I'll add my 2 cents; I have over a decade of time in hospice, and in-patient is where it gets really difficult (I did a few years of homecare, the rest IPU). Inpatient is hard because the patient is there for a symptom that needs managed and often, are actively dying. That's when a lot of family comes out of the wood-works, you get multiple personalities shoved into one room in a stressful, emotional situation, and things can get volatile. In hospice, you don't just take care of the patient, you take care of everyone in the room, physically and emotionally. I've had nights where every one of my patients was actively dying, and bouncing from one emotionally charged room to the next gets EXHAUSTING. I feel guilty because I come home and am completely withdrawn....I just don't have the energy to have any interaction with any living creature.

Still, when the dust settles and the patient has been pronounced, getting a genuine thank you and tearful hug makes it worth it.

5

This post brought back so many memories of when I did inpatient hospice, LOL. It can definitely get chaotic. Thank you for doing such incredible work with not only patients but families as well. It takes a special kind of nurse to handle that.

Nurse Lyd ?

As a Hospice Nurse nearing my 15 year anniversary of Hospice Nursing on 9/4, I understand the emotional toll this job can bring. I too have worn a plethora of hats and positions in Hospice care.

I have lost both of my parents under Hospice care (dad in 2008 and mom in 2013)...their deaths made me refocus my life and I was strongly tempted to leave Hospice after each of their deaths. Somehow, with the strength that God gave me and the support of my Hospice team members, I have pulled through both times.

Before Hospice, I was an ICU nurse...doing Hail Mary’s to keep people alive. Before I went into nursing my life path was heading to be a high school history teacher.
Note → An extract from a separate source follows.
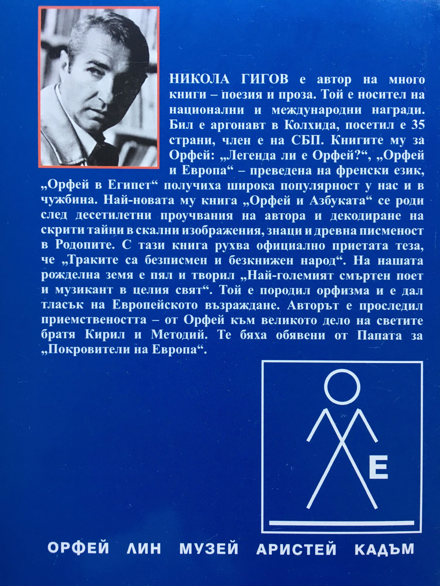 Никола Гигов е автор на много книги – поезия и проза. Той е носител на национални и международни награди. Бил е агронавт в Колхида, посетил е 35 страни, член е на СБП. Книгите му за Орфей получиха широка популярност у нас и в чужбина. Настоящата книга се роди след десетилетни проучвания на автора и декодиране на скрити тайни в скални изображения, знаци и древна писменост в Родопите. С тази книга рухва официално приетата теза, че траките са безписмен и безкнижен народ. На нашата рожделна земя е пял и творил най-големият смъртен поет и музикант по целия свят. Той е породил орфизма и е дал тласък на Европейското възраждане. Авторът е проследил приемствеността – от Орфей към великото дело на светите братя Кирил и Методий. Те бяха обявени от Папата за „Покровители на Европа“.

God put me onto the path of nursing… And with a personal family experience, God put me onto the path of hospice nurse. I believe God intended for me to be a hospice nurse, therefore I am going to stay on this course as long as the good Lord still fine to use for me in this field of nursing.
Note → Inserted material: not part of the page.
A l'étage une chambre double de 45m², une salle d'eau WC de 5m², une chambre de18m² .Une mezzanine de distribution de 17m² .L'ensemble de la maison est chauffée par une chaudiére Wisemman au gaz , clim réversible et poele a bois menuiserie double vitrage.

Specializes in Med/Surg;Geriatrics;Ortho;Family Med.

Such a beautifully written article. I have always felt that hospice nurses rarely get their just due of support. Death is a part of life and the care that they give is just as invaluable as any other part of nursing. Hats off to all hospice nurses!

Specializes in Med Surg, Geriatrics,Hospice/Home Care, Wound Care.

What a lovely piece! I worked for five years inpatient and one year home Hospice. It was my first love in Nursing and it remains one of my most rewarding experiences. You capture the complex feelings about what we do so very well!